Paid parental leave cannot exist in a vacuum without the other benefits afforded to women (and men) in countries where it is available. Subsidized birth control and OBGYNs, early childhood education programs, paternity leave, subsidized daycare. It is possible, but people actually have to be serious about caring where the next generation comes from regardless of their family’s income, and they have to be serious about women’s equality at home and at work. The Dope’s relationship threads occasionally have accusations against women of being gold diggers or requiring a man with a higher status job – and while I don’t think this is always the case, I do wonder how the hell a woman who wants kids is supposed to pursue that in a realistic way without a partner who has a secure, well-paying job when she may not be able to count on keeping her own job let alone getting time off to have one or more kids.

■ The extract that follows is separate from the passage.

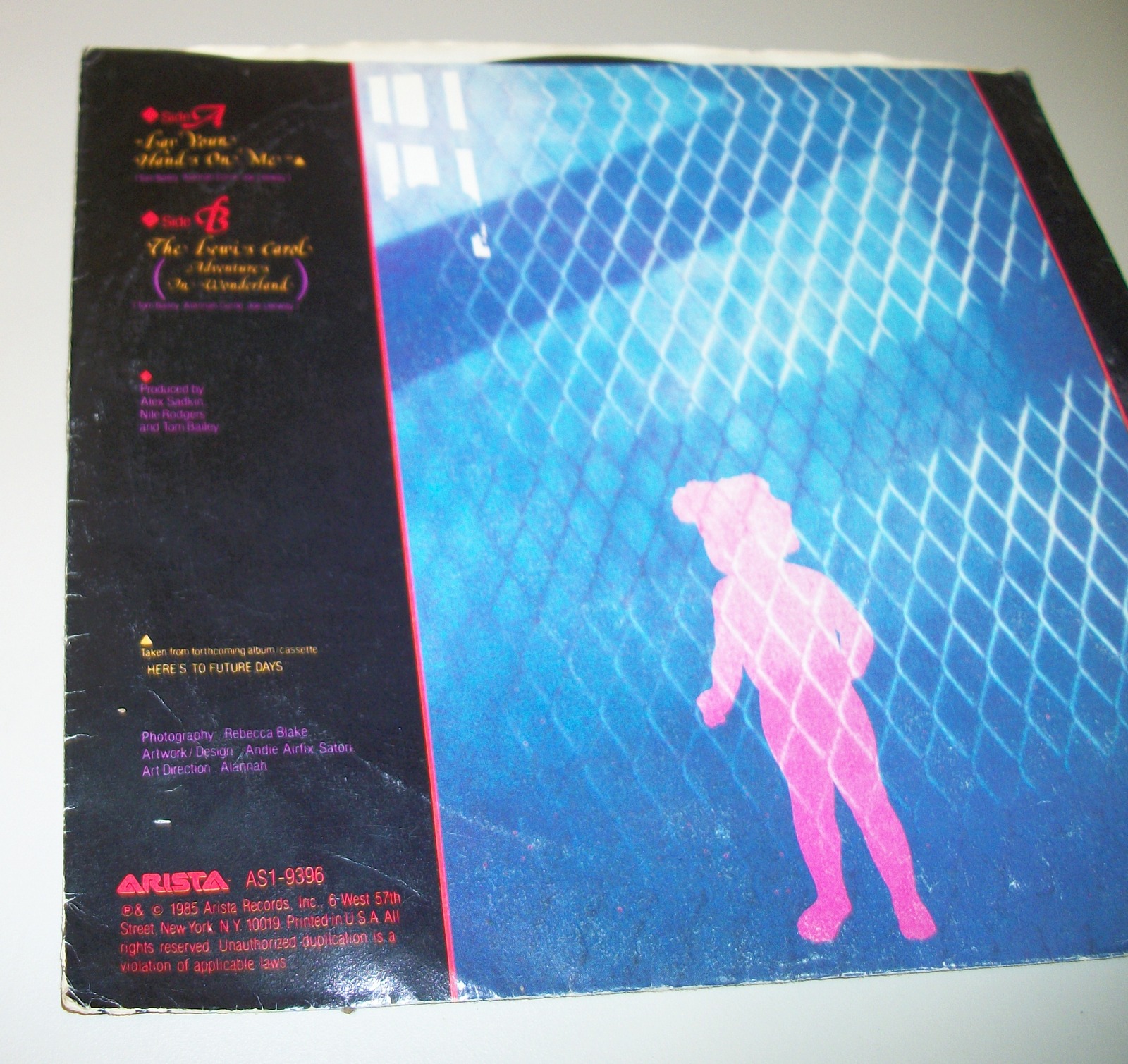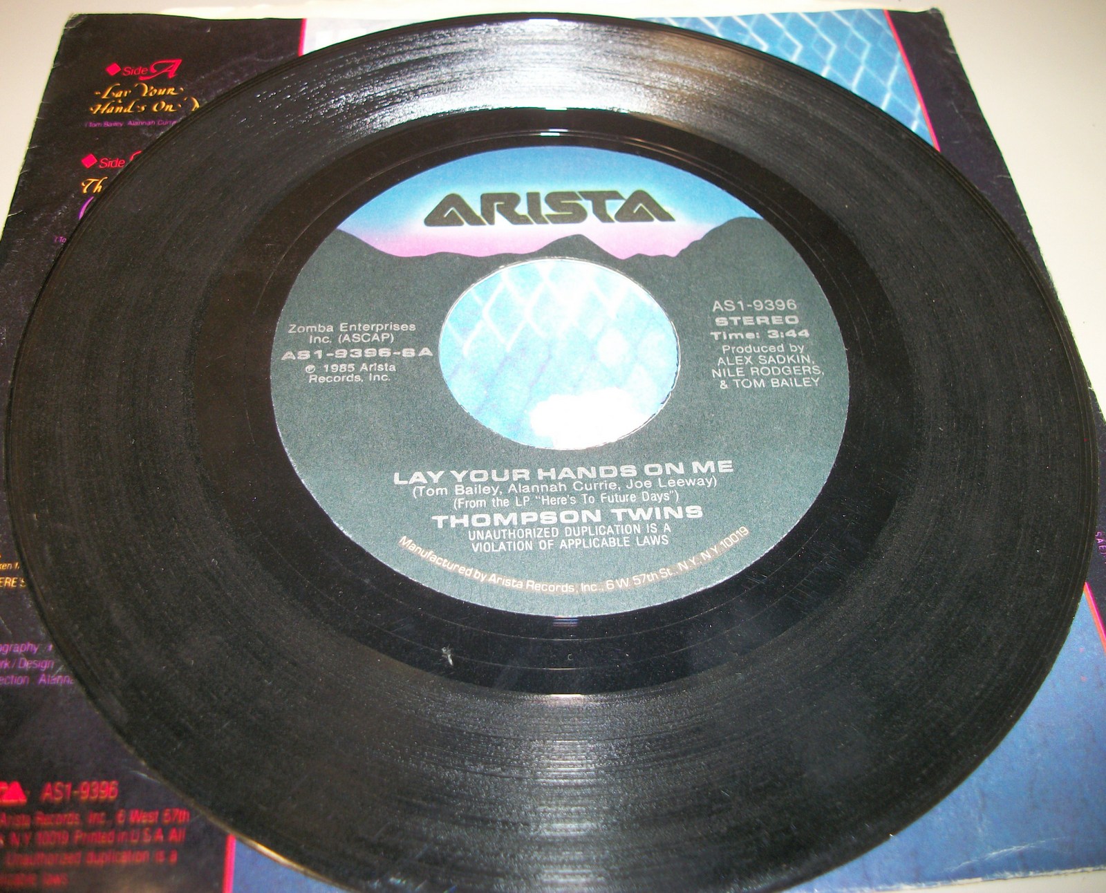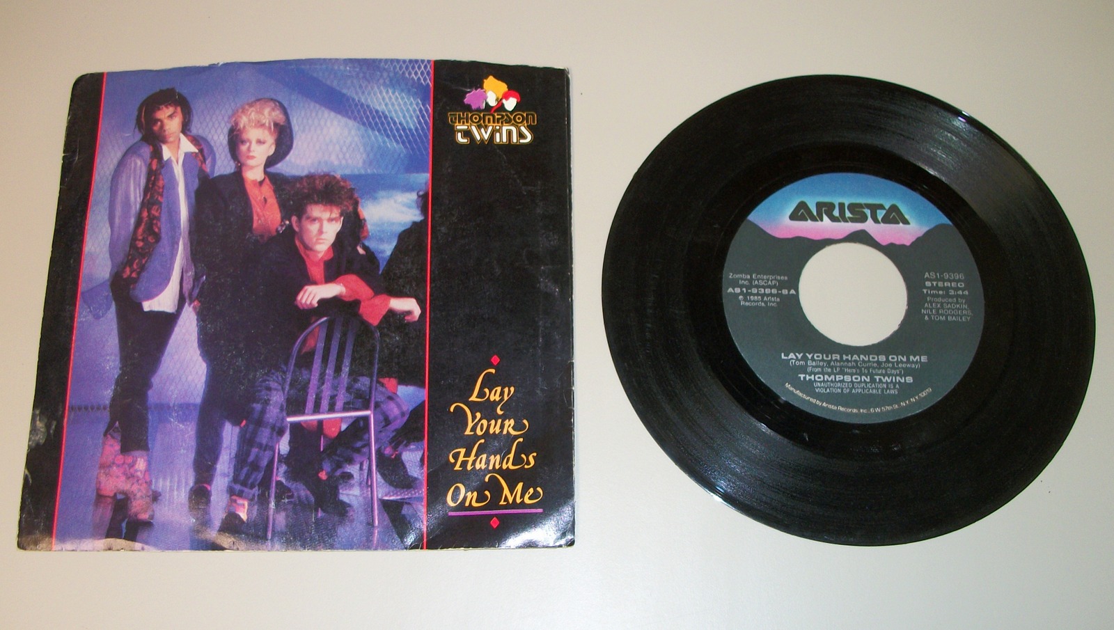 Up for sale is a 45 of the single Lay Your Hands On Me by Thompson Twins from 1985 on 7″ vinyl. LOOK AT THE PICTURES! Used condition, some light scratches, wear around the edges and light creases. This is in pretty good shape for a decades old record.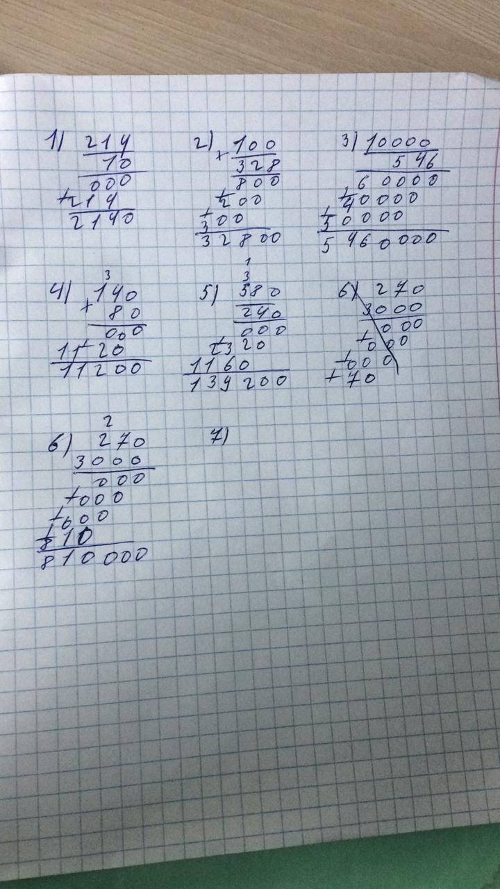 Выполните умножение: 1)214*10; 2)100*328; 3)10000*546; 4)140*80; 5)580*240; 6)270*3000. В столбик

But yes, overall, I find it ironic that many of the people who think women should be forced to carry unwanted children have little interest in preventing unwanted pregnancies or even taking steps to ease the burden on women who have do want children, if only to give them up for adoption. I can’t imagine that many women are short-sighted enough to use paid maternity leave as their deciding factor in whether or not to get an abortion, but it does speak to an overall culture in pure widdle babies are God’s gift (but it’s up to you to figure out how the hell to afford to raise one).

It’s just another benefit some companies offer, in order to attract good employees. Just like good health insurance, a 401(k) match, or whatever.

My company offers 5 days paid paternity leave, and several weeks paid maternity leave.